Exactly reproduce the line containing "deck (CRFS, ENTFS)" and all later lines to the end of the entries, leaving the pictures out of your copy.

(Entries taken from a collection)
====
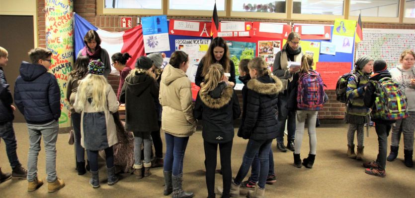 Anlässlich des 57. Jahrestages der deutsch-französischen Freundschaft (Unterzeichnung des Elysée-Vertrags im Jahr 1963) fand am Mittwoch, den 22.01.2020, in den großen Pausen eine Mitmachaktion für Schüler/innen aller Jahrgangsstufen statt. Bei deutsch-französischer Musik konnten sie ihr Wissen über Frankreich und die deutsch-französischen Beziehungen bei einem Wissensquiz unter Beweis stellen und wurden für...weiterlesen
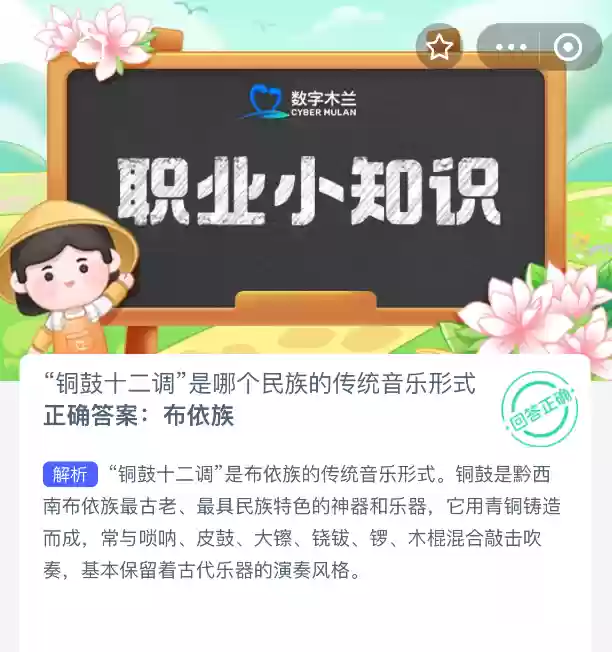 "铜鼓十二调"是哪个民族的传统音乐形式?【蚂蚁新村每日一题】2025年10月17日题目已发布!坚持答题,积累木兰币,即可加速小镇建设。答对本题,立即可享"产速+3/时"的加速奖励!今天正确答案是【布依族】。"铜鼓十二调"是布依族的传统音乐形式。它用青铜铸造而成,常与唢呐、皮鼓、大锣、铙钹、镲、木棍混合敲击吹奏,基本保留着古代乐器的演奏风格。
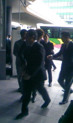 今年は行こうかどうしようか迷いましたが(あんまり楽天ファンの集団のなかに行きたくないなとかヾ(^_^;) なんか、この頃病みそう(いぁ、病んでる?)なのもあり気分転換も兼ねて行くことに。 おっきーは7月以来半年ぶりかな?とごやさいった頭で、いつの間にか現れ、しばらくバスの座席に座ってましたが、窓枠の陰になって外からは耳しか見えないような席に陣取りました。…あれは絶対「わざと」です(笑)。 そして、突然バスから降りて目の前に出現したかと思うと駅内に消え、「お茶しに?」「…トイレじゃない?σ(^◇^;)。。。」の憶測の中、日刊スポーツを手に戻ってきました。 今年は、壮行会場の駅構内は絶対例年になくごった返してると思ったし、別に見なくていいやと思い、ずっと下にいました。なので、おっきーの「往復」も結構しっかり見られましたかな。 今日、目についたのは、金刃さんの「オレンジのネクタイ」σ(^◇^;)。。。目立つ目立つ(笑)。未だ溢れるジャイアンツ愛(*^_^*) 実は、先日、某77銀行の「都市対抗出場記念ボール」というのが手に入ったので、チャンスがあったらそれに相原投手からサインもらってこよう! …と思ったのですが、第一、相原さんの顔知らなかったりするσ(^◇^;)。。。←いや、見たらちゃんとわかりましたがヾ(^_^; まあ、どちらにしてもチャンスはありませんでした。 コーチ陣のバスが一番で出発したので、用のなくなった(笑)私は人込みから脱出してしばらくぽつんと立ってたんですが、そしたら知らないおばちゃんが話しかけてきました。 「誰きてるの?マー君!?o(^o^)o」 「…いや、マー君はいないっす(苦笑)」 「あの星野さんとかいるの?しまなんとかって人は?」 「あ、楽天の人はみんないましたのでヾ(^_^;」 …昨今の仙台はこんな人で溢れてます...((((((^_^;) 写真うまく出なかったらあとで直しますので。
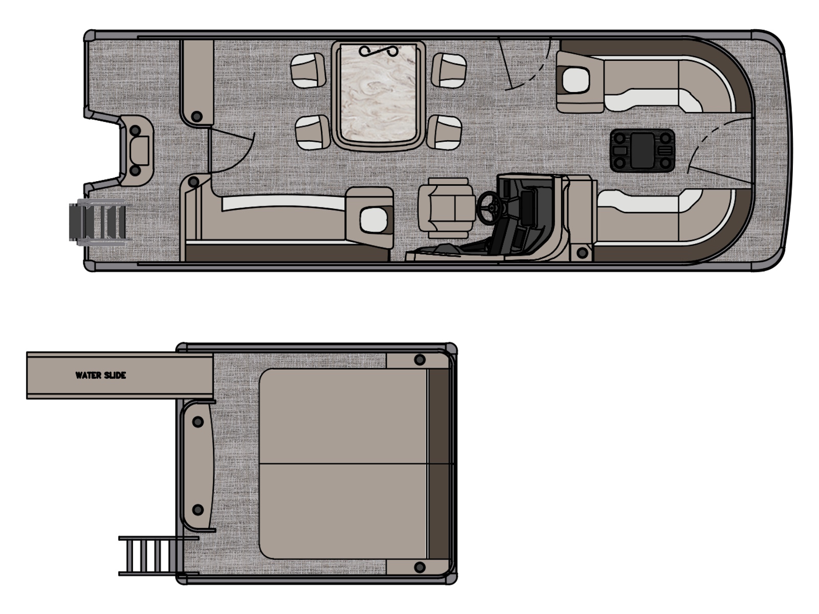 • Upper deck furniture – includes backs, arms, sun pads, rear console with (2) speakers on the upper deck (CRFS, ENTFS)
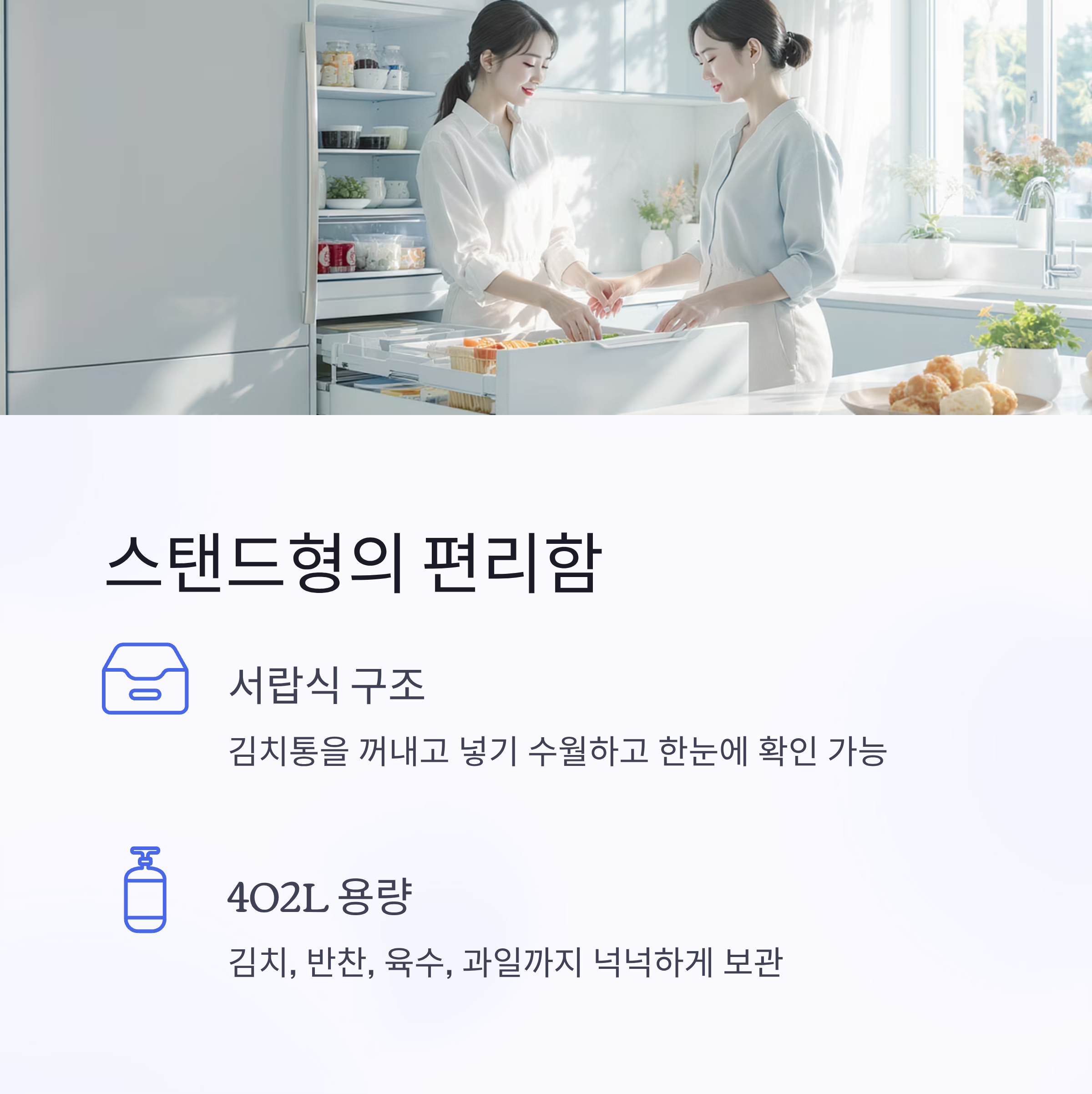 그리고 주부 입장에서 매번 허리 굽히지 않아도 된다는 점, 이게 생각보다 생활 만족도를 크게 올려주더라고요. 김치뿐 아니라 반찬과 과일까지 다양하게 보관할 수 있으니 사계절 내내 활용도가 높다는 것도 장점이에요.
====
→ **Answer section**
 • Upper deck furniture – includes backs, arms, sun pads, rear console with (2) speakers on the upper deck (CRFS, ENTFS)
 그리고 주부 입장에서 매번 허리 굽히지 않아도 된다는 점, 이게 생각보다 생활 만족도를 크게 올려주더라고요. 김치뿐 아니라 반찬과 과일까지 다양하게 보관할 수 있으니 사계절 내내 활용도가 높다는 것도 장점이에요.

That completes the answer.